Articolo tratto dal numero di settembre 2021 di Forbes Italia. Abbonati!
di Riccardo Corazza
Quando qualcuno chiede a Stefano Antonucci il segreto del successo, la risposta è semplice e lapidaria: fare vini che piacciano a lui. Cuore e anima di Cantina Santa Barbara, a due passi passi da Ancona e 25 km dall’Adriatico, tra le morbide colline che corrono tra i fiumi Misa e Nevola, uscito da una prima vita come banchiere, di cui parla senza rimpianti, si è poi dedicato, assumendosene i rischi in un periodo molto più difficoltoso di quello odierno, alla cooperativa di famiglia. Diventata, a colpi di scelte azzeccate, in realtà imprescindibile nel panorama marchigiano. Fautrice, tra le altre, del Rinascimento del Verdicchio degli anni ‘90.

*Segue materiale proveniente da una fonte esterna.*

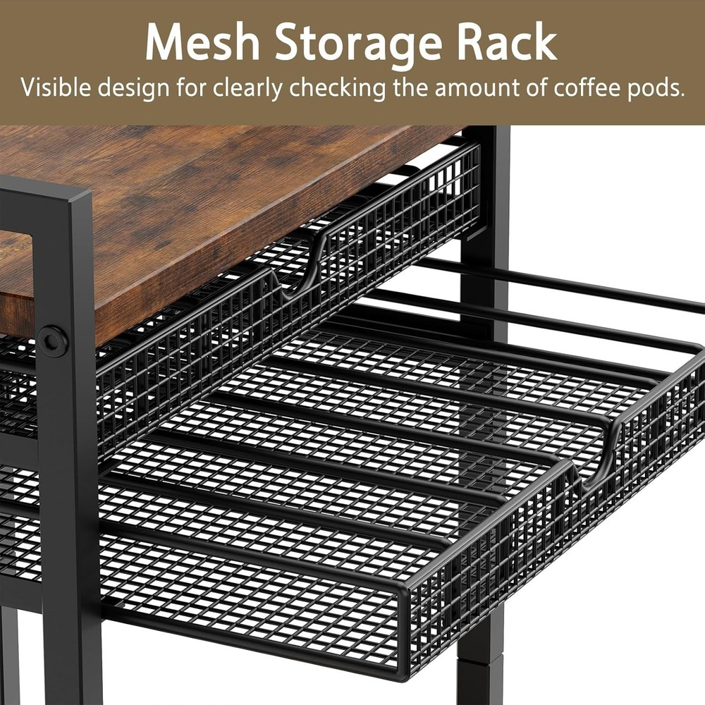 Coffee Bar Stand Station Cart, Coffee Pod Holder Drawer for 84 Coffee Pods Storage, Coffee Cart with Wheels, Stylish Home or Office Coffee Bar Station Organizer, Rustic Brown 【Coffee Pod Holder】coffee bar cart is not only practical,but also has a stylish design,adding a charm to your coffee corner station.The carefully selected combination of colors and materials complements a variety of coffee pots and coffee utensils,creating a high-quality coffee scene 【Sliding Drawer Design】You don't need to rummage through the whole coffee station drawer,you can easily access the coffee pods you need.Simple and convenient to operate,easy to push and pull.Whether it's a busy morning or a relaxing afternoon,you can quickly find the coffee pods you want and enjoy a delicious cup of coffee 【Sturdy & Durable】We focus on the quality and durability of our coffee cart,this coffee station organizer is made of metal bracket and MDF with good durability and stability,which can provide safe protection for your coffee pod for a long time 【Save Counter Space】The double layer k cup organizer measures 12.5"D x 17"W x 33.7"H,can hold up to 84 K cups,easily meet your daily coffee needs.The top can hold a coffee maker and the under can storage coffee accessories without taking up too much space,making your countertop space more neat and organized

In tanti lo considerano un viticoltore anticonformista, eclettico e visionario, anche se, al di là di abiti sgargianti e colorite montature degli occhiali, la sua carriera come winemaker è tutta consistenza. Le viti di Santa Barbara coprono un’area di 45 ettari dislocati tra i comuni di Barbara, Serra di e’ Conti, Montecarotto, Arcevia, Morro D’Alba e Cupramontana. Vigneti relativamente maturi, tra i 20 e i 45 anni, con suoli di matrice tufacea-argillosa e microclima completato dall’azione temperante svolta dalle colline, accarezzate, soprattutto la sera, dalle correnti salmastre. Da sempre Cantina Santa Barbara associa al progetto di recupero del Verdicchio (e altri territoriali di pregio come Montepulciano e Lacrima di Morro d’Alba), una linea di vini capaci di reinterpretare i vitigni internazionali, con grandi letture di Merlot, Syrah e Cabernet Sauvignon.
L’impronta di sostenibilità, già evidente, è completata dalla proattività di Stefano e dei suoi: nuove frontiere si apriranno con una linea di vini certificata bio e un progetto di cantina realizzata con materiali di recupero e rivestita di legno marino, armonica al territorio. Tagliato ormai il traguardo del milione di bottiglie (prodotte interamente nella sede centrale), Santa Barbara si propone anche come avamposto di un eno-turismo sostenibile e propizio per piccoli e deliziosi borghi circostanti. Una cantina da visitatre, simbolo di eccellenza e delle potenzialità dell’italian style in ambito enoico.
E i vini? Sopra tutti, questo incredibile alfiere aziendale, il Verdicchio dei Castelli di Jesi Classico Doc Le Vaglie 2020, arrivato alla sua 29esima release, che stupisce fin dalle variopinte etichette, ma soprattutto all’assaggio. Colore giallo paglierino brillante, sensazioni composite al naso, pesca-noce, tocchi di timo, finale lievemente mentolato e ammandorlato. La bocca è densa e croccante, salmastra, la persistenza eccellente, con chiusura fruttata-officinale e ritorno ammandorlato.